I'm trying to build a variable-bitwidth binary encoder/decoder for a protocol in a networked personal project I'm designing... and my stupid brain has completely jammed up on how to grasp variable-bitwidth binary encoding/decoding. I've been staring at the same ~18 SLOC for about four days now and I still feel utterly out of my depth. I do feel I should be able to grasp this, but unfortunately my brain randomly conks out when I try to track diverse numeric relationships :(
Theoretically, what I want to do is incredibly simple. I declare a list of bitwidths, and the value I want to store within that bitwidth, like so:
[10 bits]: 1013
Taking the bitwidths into account, the values would be progressively sequenced into a binary string like so:
1 bit
| 2 bits
| ||
/-10 bits--\ | \/ /------ 19 bits ------\
12345678 12 3 45 678 12345678 12345678
11111101 01 1 11 000 11001000 00001001
\----------/ | \/ \---------------------/
1012 1 3 51209
The bitstream in bold above is what I transmit down the wire:
11111101 253 FD
01111000 120 78
11001000 200 C8
00001001 9 09
At the other end, I map the list {10, 1, 2, 19}
(the set of bitwidths denoted at the top) against the sequence of bytes I've received, which then leaves me with the original set of values I wanted to transmit.

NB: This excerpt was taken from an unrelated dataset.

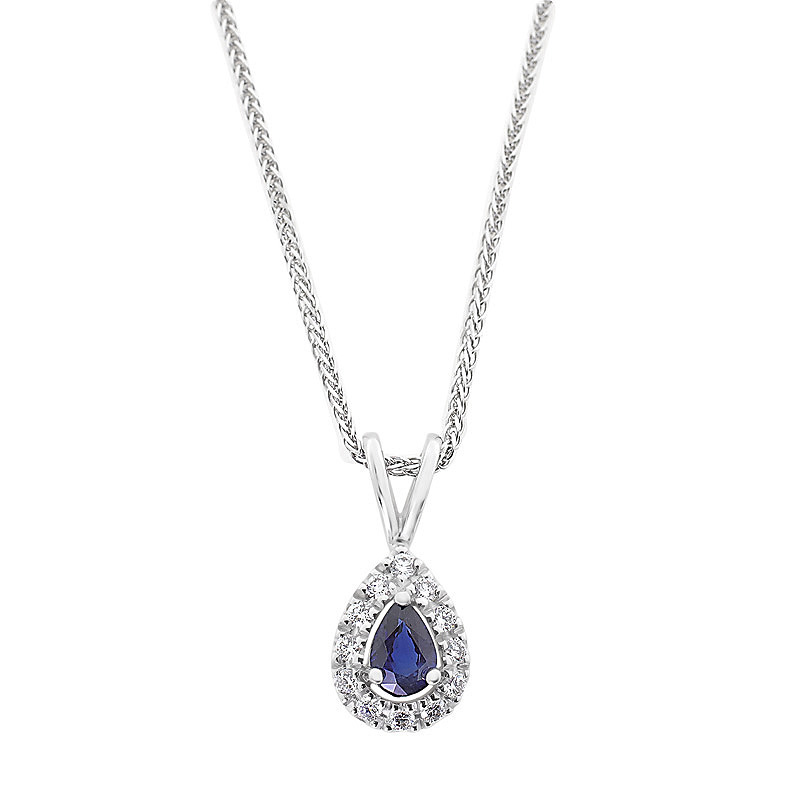Saphira – fehér arany medál kék zafírral és gyémánttal

While this is primarily a general algorithmic question and the semantics of any particular language are arguably irrelevant, I should mention that I'm using PHP for this - and part of the reason I'm so stuck is that I'm trying to work out how to avoid resorting to string manipulation, which PHP seems to be obsessively inclined to encourage one to favor over proper numeric processing. However, this function will (hopefully) be processing data at 2-to-3-digit-Mbps speeds, and I want the routines to be as fast as possible. (Incidentally, I'd use another language, but PHP is the one I know the most >_>)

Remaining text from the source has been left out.